In summary, we have four different answer format scales based on ordinal times at different periods with six, eight and ten points. The direction of the scale for all the items was consistent, meaning that higher figures are aligned in all cases with more physical activity, either by participating in sports, vigorous or moderate physical activities, walking, or staying seated less.

The physical activity synthetic indicator (PASI) will be constructed at the individual level and aggregated level using fifteen different covariates: country, age, life satisfaction, personal opinion about whether belonging to the EU is good or bad for the country, opinion about the future of the EU, opinion about if the national countries should help refugees, political orientation, marital status, education, gender, household location, having or not difficulties in paying bills, social class, opinion about the future for the next EU generations, and community type. Thus, it would be possible to analyze to what extent PASI is affected by these factors. Thus, we significantly extend the analysis of each variable studied in the Eurobarometer in terms of the covariates used. For example, in the final report (4), the answers given to QB2 were only cross-tabulated with country, gender, age, education, and difficulties in paying bills.

4 Methodology

PASI will be obtained at the individual level using the Technique for Order of Preference by Similarity to Ideal Solutions (TOPSIS) proposed by Hwang and Yoon (31). The method chooses the individuals who have carried out the most and the least physical activity in the sample and compares each individual with these two by calculating the relative distance to both ideal solutions. Unfamiliar readers in TOPSIS methodology often find it challenging to assimilate the negative ideal solution (or anti-ideal solution) as an “ideal” reference point, especially when understood in our context of minimizing the physical activity. It is true that linking ideal with low physical activity seems to be counterintuitive. However, this negative ideal solution and the positive ideal solution (those individuals with the highest physical activity) are only chosen as reference points to rank all the individuals' physical activity.

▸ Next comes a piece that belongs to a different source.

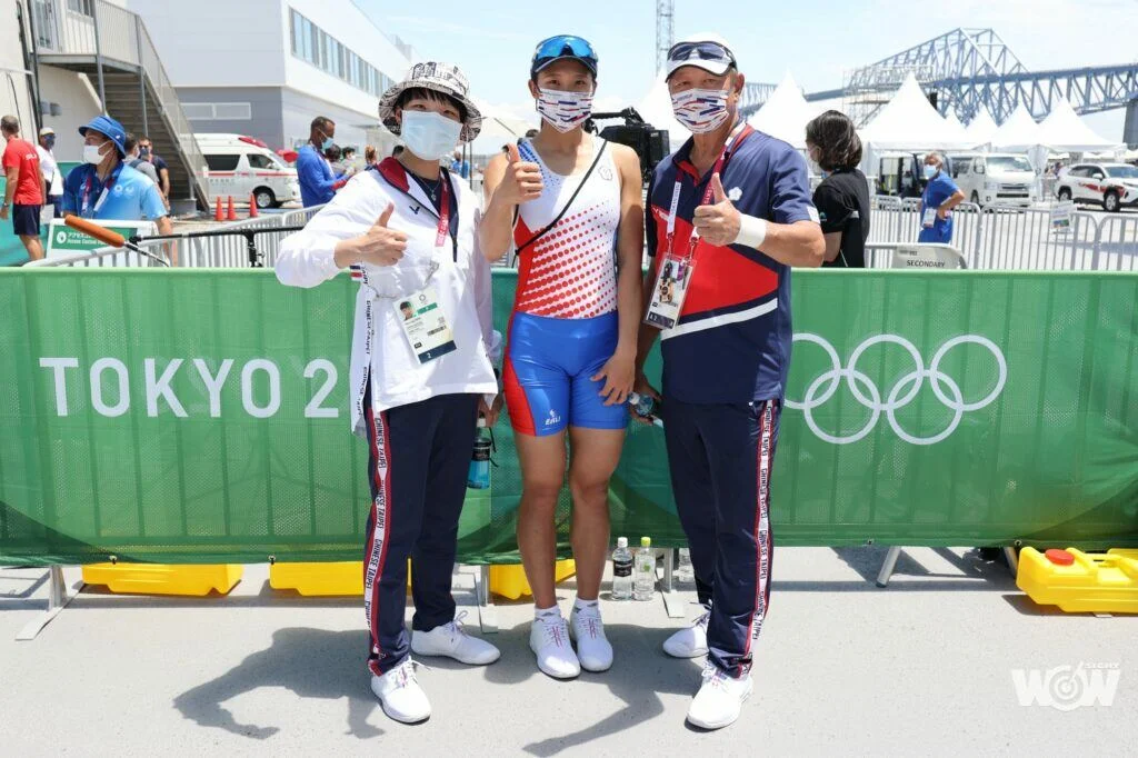 東京奧運划船比賽場地設置在東京海之森水上競技場,每天氣溫超過32度,加上海水,浮力較大,划槳時吹海風,每一段又不一樣,水下暗流也不同,難以捉摸,充滿各式挑戰。黃義婷坦言順利划岀自己想要的模樣,真的很不容易,但經過這五年南征北討,見過大風大浪,身心都穩定許多,即便有風浪,還是可以奮力前進。

Thus, the synthetic indicator is obtained by calculating the ratio between the distance to the least physical activity over the sum of distances to both ideal solutions. The idea is that when the ratio is closer to one, the individual is closer to the individual who has carried out the most physical activity.

TOPSIS is still one of the most used multi-criteria decision-making methods and was extended to fuzzy sets using a fuzzy-hybrid analysis (FHA) in which the attribute values are represented by fuzzy numbers instead of crisp numbers (32). Thus, a more robust analysis can better address the uncertainty of Likert, semantic, or ordinal scale (33). This hybrid approach has been applied in different fields, such as selecting the best shopping websites (34), fish consumption in the EU (5), commuter satisfaction in Central Europe (35), analyzing service quality in the MICE industry (7), tourist destination competitiveness (36), transshipment site selection (37), and wind power potential plants (38). More recently, the application has also gained popularity in social science to measure attitudes toward migrants (39), or to analyze citizens' national identity (6).

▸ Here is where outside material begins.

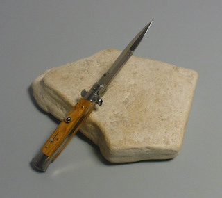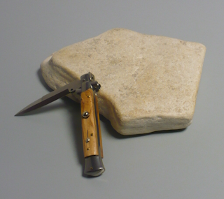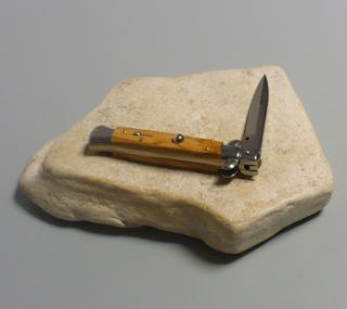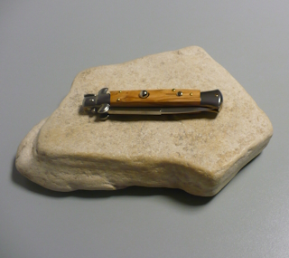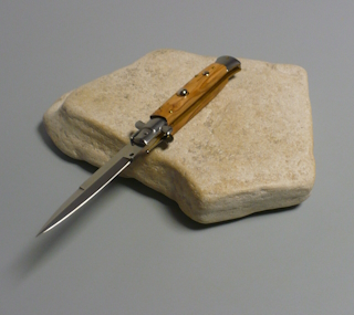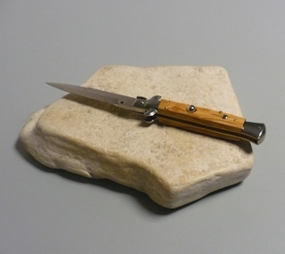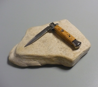 Coltello a scatto Cm.23 Mod.Sblus/23 Legno di ulivo spagnolo -Italian stiletto

We omit the mathematical formulation for the ease of exposition and because there are excellent manuals that cover the methods used in the study (40–42). Nevertheless, for the sake of replicability, a crucial aspect of this study, the conversion of ordinal scales to Triangular Fuzzy Numbers (TFNs) was conducted according to the following procedure: 6-point scales (1 = (0 0 30); 2 = (5 20 35); 3 = (25 40 55); 4 = (45 60 75); 5 = (65 80 95); v6 = (70 100 100)); 8-point scales (1 = (0 0 25); 2 = (5 15 25); 3 = (20 30 40); 4 = (35 45 55); 5 = (45 55 65); 6 = (60 70 80); 7 = (75 85 95); 8 = (75 100 100)), and 10-point scale (1 = (0 0 10); 2 = (0 10 20); 3 = (10 20 30); 4 = (20 30 40); 5 = (27.5 40 52.5); 6 = (47.5 60 72.5); 7 = (60 70 80); 8 = (70 80 90); 9 = (80 90 100); 10 = (90 100 100)). It can be seen that in all the cases, the intersection of the converted TFNs of any pair of consecutive points is not empty. This is the essence of the nature of the fuzzy logic when the human knowledge is limited and precise information on significant statements about our behavior does not exist (43).

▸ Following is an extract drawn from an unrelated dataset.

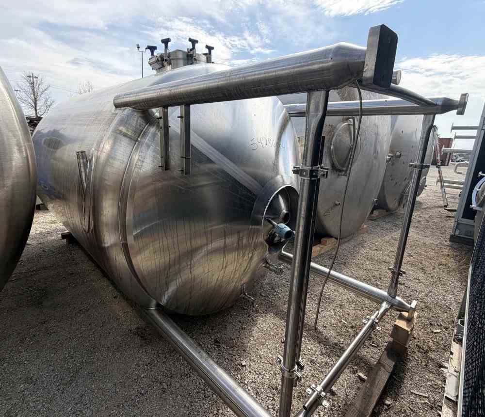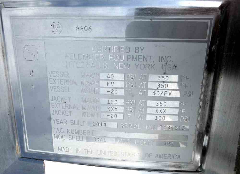 Used 2600 gallon Insulated 304 Stainless Steel Agitated Processor Tank. Manufactured by Feldmeier. 84" diameter x 102" straight side. Dish top and cone bottom. Internal rated 40/FV psi @350F. Bottom Cone only insulated and dimple jacket rated 100 psi @350F. Spray ball, baffle. Top mounted, vertical bottom sweep agitator, driven by a 2hp 3/60/230/460v 1660rpm motor through reducer. Openings Top: (2) 4", (3) 3", (2) 2", Side bottom manway, (2) 2" side openings. 3" Center bottom outlet with 28" discharge height. Mounted on (4) stainless steel legs. Serial # E134213. National Board # 8806. Built 2014.

In our study, the conversion process was guided by established practices and interpretations within the fuzzy set theory literature relevant to social science data (44). The main idea is to represent the inherent imprecision and vagueness associated with ordinal scales in a way that is both meaningful and preserves the underlying order of the categories. Furthermore, other empirical studies have specifically addressed the potential impact of different conversion approaches on the robustness of results within the context of fuzzy-hybrid TOPSIS. For example, Martín et al. (45) showed that, while the specific TFN values assigned can influence the absolute scores, the relative ranking and the overall conclusions derived from the fuzzy-hybrid TOPSIS approach tend to be quite robust across a range of sensible conversion strategies.

One of the steps of TOPSIS consists of normalizing the decision matrix. This is done to ensure that all the criteria are comparable. In the current study, it would be challenging to compare ordinal scales from different time periods, such as hours in days, days in weeks, or times per month. There are a number of ways to normalize a decision matrix (46), but in the current study, this is resolved by the conversion of the ordinal scales into TFNs that belong to the universe of discourse in the range [0, 100]. The linearity between the points in an ordinal scale is also a relevant issue, that can be partly resolved by using TFNs. It is unreasonable to think that there is the same distance between never, less often than 1–3 times a month, and 1–3 times a month. Less often than 1–3 times a month can be either 1 time every two months or 2 times per term. In the case of the highest scores, it can be seen that, for example, in the first scale, 5 times per week or more would be comparable to at least 20 times per month, in comparison with the ordinal values considered as 2 and 6. This issue is known as the non-linear scaling effect (47).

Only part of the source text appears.